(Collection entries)
>>>

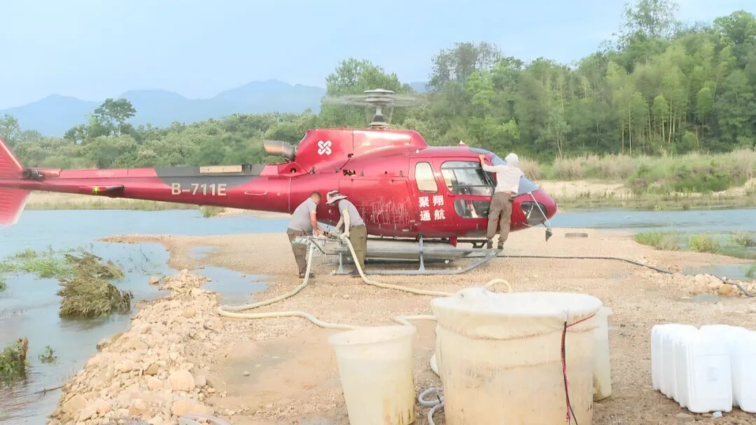 本次飞防聚焦威胁板栗生产的主要害虫板栗剪枝象,采用直升机为主、无人机补防的立体作业模式,于6月3日至5日集中开展。防治范围覆盖凤山镇、骆驼坳镇、大河岸镇等8个乡镇、172个村,总面积达19万多亩。针对复杂地形与零星地块,凤山镇、胜利镇等重点区域实施差异化防治,精准落实“科学防治、靶向治理”的技术原则。
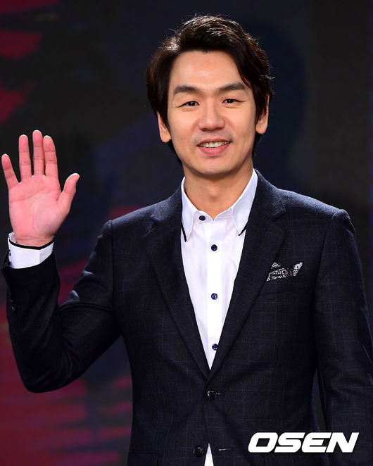 배우 김태우가 대개편 설명회에 참석해 포토타임을 갖고 있다.
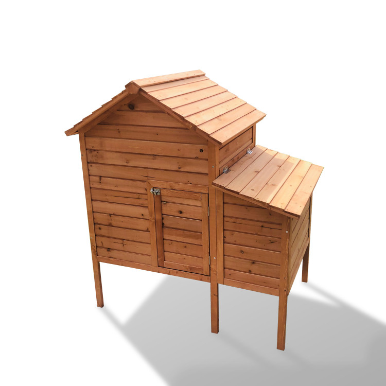 - Odolná konstrukce: kurník je vyroben z masivního smrkového dřeva, ošetřeného ochranným nátěrem
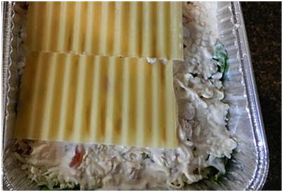 Stay tuned for the post on the Strawberry Pretzel dessert we had the same night which will explain why we had to use foil pans for the lasagna.
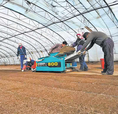 4月14日,吉林省各市州實(shí)現(xiàn)疫情防控社會(huì)面清零目標(biāo)。春耕時(shí)節(jié),全省堅(jiān)持“兩手抓”,疫情防控不松勁,農(nóng)業(yè)生產(chǎn)不誤時(shí)。圖為龍井市智新鎮(zhèn)村民通過軌道車等設(shè)備進(jìn)行水稻育秧作業(yè)。
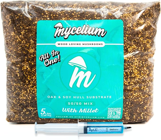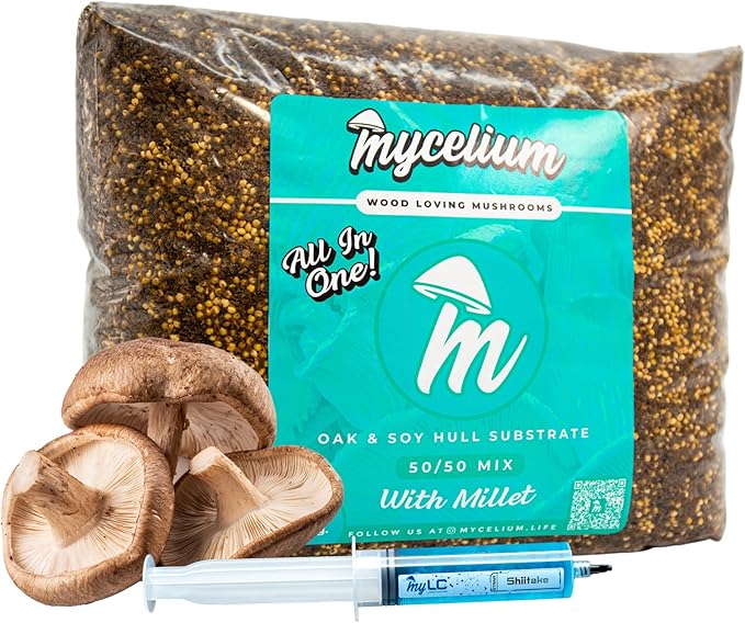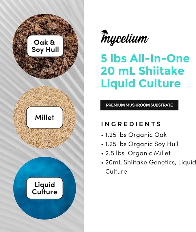 Mycelium’s Shiitake Gourmet Mushroom Kit | 5LBS Oak & Soy Hull with Millet Blend | 20ML Liquid Culture Syringe | All-in-One Complete Cultivation Kit | Pre-Sterilized - Home Growing Made Easy

<<<

■ **Exercise instructions**: What's needed is an exact retyping of the records, pictures excluded.

■ **Reply to the task**:
 本次飞防聚焦威胁板栗生产的主要害虫板栗剪枝象,采用直升机为主、无人机补防的立体作业模式,于6月3日至5日集中开展。防治范围覆盖凤山镇、骆驼坳镇、大河岸镇等8个乡镇、172个村,总面积达19万多亩。针对复杂地形与零星地块,凤山镇、胜利镇等重点区域实施差异化防治,精准落实“科学防治、靶向治理”的技术原则。
 배우 김태우가 대개편 설명회에 참석해 포토타임을 갖고 있다.
 - Odolná konstrukce: kurník je vyroben z masivního smrkového dřeva, ošetřeného ochranným nátěrem
 Stay tuned for the post on the Strawberry Pretzel dessert we had the same night which will explain why we had to use foil pans for the lasagna.
 4月14日,吉林省各市州實(shí)現(xiàn)疫情防控社會(huì)面清零目標(biāo)。春耕時(shí)節(jié),全省堅(jiān)持“兩手抓”,疫情防控不松勁,農(nóng)業(yè)生產(chǎn)不誤時(shí)。圖為龍井市智新鎮(zhèn)村民通過軌道車等設(shè)備進(jìn)行水稻育秧作業(yè)。
 Mycelium’s Shiitake Gourmet Mushroom Kit | 5LBS Oak & Soy Hull with Millet Blend | 20ML Liquid Culture Syringe | All-in-One Complete Cultivation Kit | Pre-Sterilized - Home Growing Made Easy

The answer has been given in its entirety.